Figure 12. pETDuet-1 vector


pETDuet-1 is a high copy number plasmid that features two T7 promoters and two RBS sequences. However, it contains only one T7 terminator. As a result, each gene is expressed under its dedicated T7 promoter, but one of the inserted genes requires the inclusion of a T7 terminator for proper regulation. The rhtA insert is the one carrying the extra T7 terminator.

In order to assemble our constructs, two cloning steps needed to be performed. Firstly, the vector was linearized through digestion with the BglII restriction enzyme to allow the insertion of the catalase gene. Subsequently, another digestion with SacI was necessary to clone the rhtA exporter gene into our vector.

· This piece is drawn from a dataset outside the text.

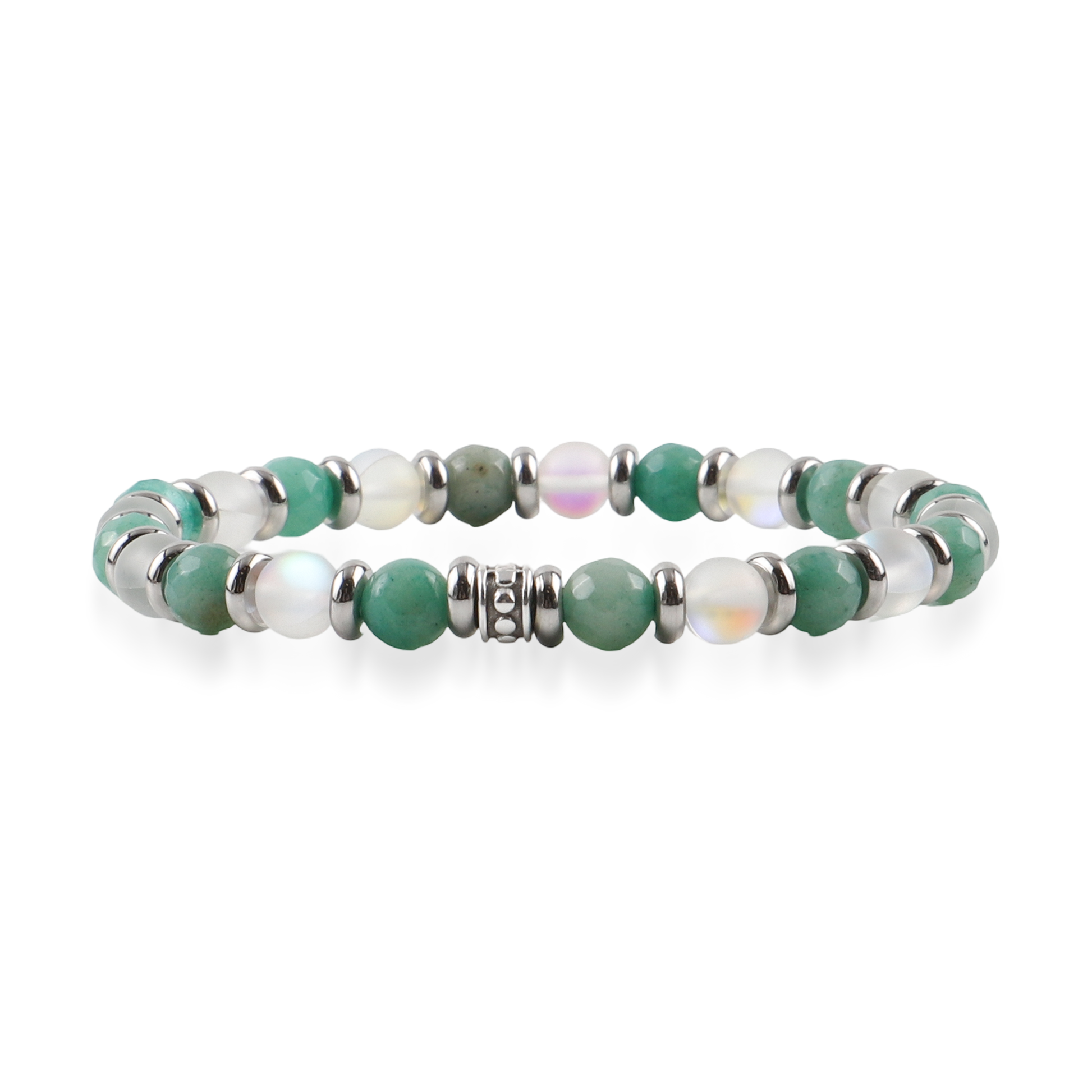 Ανδρικό χειροποίητο βραχιόλι Mar and Mar Vince με φυσικές ορυκτές πέτρες Σπεκτρολίτη, Χαλαζία και ανοξείδωτο ατσάλι

In order to confirm our gene expression, an S-tag was incorporated in the catalase insert making it possible to detect through Western-Blotting. The rhtA exporter utilizes a 6xHis-tag which is already an integral part of the plasmid.

Construct overview:



Figure 13. Construct 3 overview

Construct no. 4

Figure 18. Construct 4 Vector: pOSIP-TT (P21)
Gene inserted: Rluc8


pOSIP is the vector mediating the insertion of Rluc8 in the bacterial chromosomal DNA as outlined in the clonetegration protocol.

Among the various plasmids within the OSIP family capable of performing this task, we chose pOSIP-TT (P21) due to its tetracycline resistance, which was useful for simultaneous transformation with other plasmids.

This vector features a ColE1/pMB1/pBR322/pUC ori as well as a gamma replication origin from E. coli plasmid R6K and it is tetracycline resistant.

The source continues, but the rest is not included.